Practical Hints for Mouth Sores

  • Avoid hot food or drinks, dry foods such as crackers crisps or chips.
  • Avoid salted, smoked, spicy or peppered foods.
  • Do not smoke. If you are a smoker, talk to your doctor or nurse about enrolling in a smoking cessation program.
  • Brush your teeth with a very soft toothbrush and mild toothpaste. You can also clean your mouth with cotton wool or a thick cotton swab. Don’t use a hard toothbrush and don’t scrub your mouth
  • Clean your mouth gently with alcohol-free mouth rinse prescribed for you by your doctor or try children’s mouthwash. Most commercial mouthwashes contain alcohol and should be avoided. You can ask about mouthwashes that are not irritating to your mouth,or try children’s formulations.
  • If you are scheduled to begin therapy and have any dental problems, it is important for you to see a dentist before commencing treatment. Postpone any procedures such as extractions.
  • Other medication to ease any pain/discomfort will be prescribed for you as needed


Neuropathy, which literally means disease or dysfunction of the nerves, can happen to some people. Some of the most common symptoms of the type of neuropathy caused by chemotherapy include tingling and burning, numbness or pain in the affected areas, loss of your sense of position — knowing where a body part is without looking at it — and loss of balance. The most commonly affected areas are the tips of fingers and toes, although other areas are sometimes affected as well.

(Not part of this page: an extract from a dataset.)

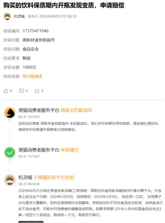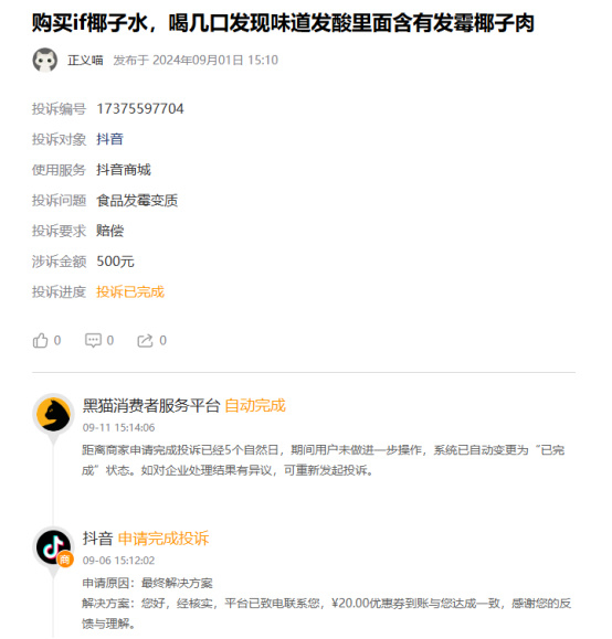 2024年8月,用户在抖音平台购买的IF椰子水被曝椰肉发霉,客服仅同意退款,拒绝按《食品安全法》赔偿。

Tell your doctor about any symptoms that you experience. Early detection and treatment are the best way to control your symptoms and prevent further nerve damage.

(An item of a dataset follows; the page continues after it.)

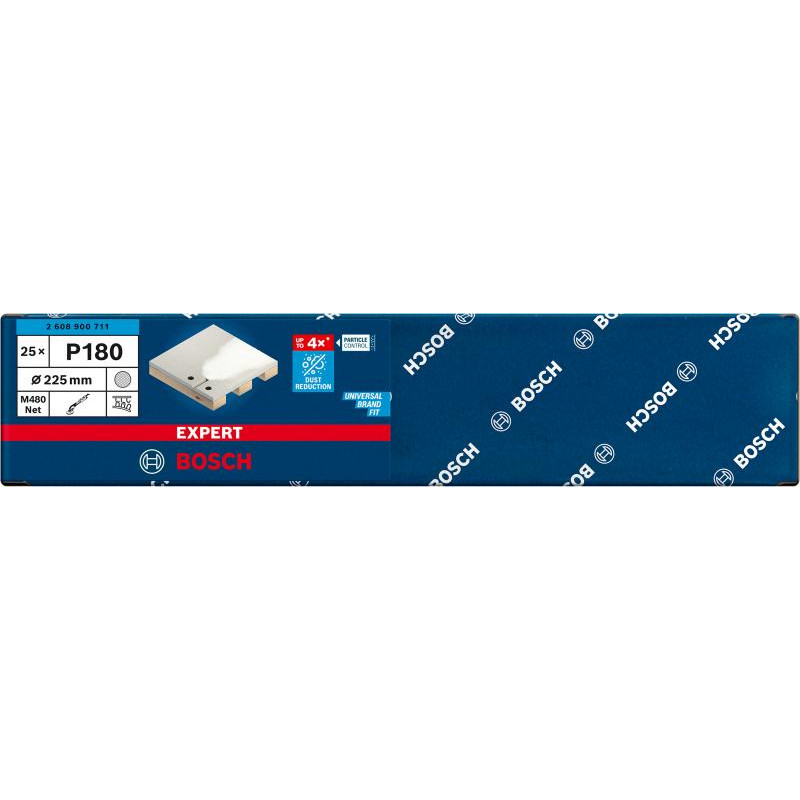 Emballage: 25Marque: BoschRéférence: 2608900711EAN: 4059952540498Description: EXPERT Abrasif M480 Best for Wood and Paint, diamètre 225 mm, grain 180, 25x

Practical Hints Regarding Neuropathy

  • Tight shoes and socks can worsen pain and tingling and may lead to sores that won’t heal. Wear soft, loose cotton socks and padded shoes.
  • If you have burning pain, cool your feet or hands in cold, but not icy, water for 15 minutes twice a day.
  • Massage your hands and feet, or have someone massage them for you, to improve circulation, stimulate nerves and temporarily relieve pain.

Period Cessation/Menopause

For women, chemotherapy may temporarily stop your periods or result in permanent menopause. The effects depend on the type of chemotherapy administered, your age and how close you are to naturally-occurring menopause.

With menopause, you may experience symptoms such as hot flashes, decreased libido, vaginal dryness, mood changes and sleeping disturbances. If you experience any of these symptoms, talk to your doctor or nurse to get information and treatment for the symptoms.

If your periods continue during treatment, they are likely to change in duration, flow and regularity. The changes may be temporary, lasting only while on chemotherapy, or the changes may lead to menopause.

Practical Hints for Menopausal Symptoms

  • If you have breast cancer, we DON’T recommend hormone replacement therapy.
  • Eat soy products or take vitamin E (400 units only) to reduce hot flashes.
  • Your doctor may recommend prescription medications for hot flashes.
  • Wear light cotton pajamas to help prevent overheating when sleeping.
  • Use vaginal moisturizers on a regular basis or other water-based lubricants as needed, especially during and before sexual activity. These products will help with vaginal dryness and irritation.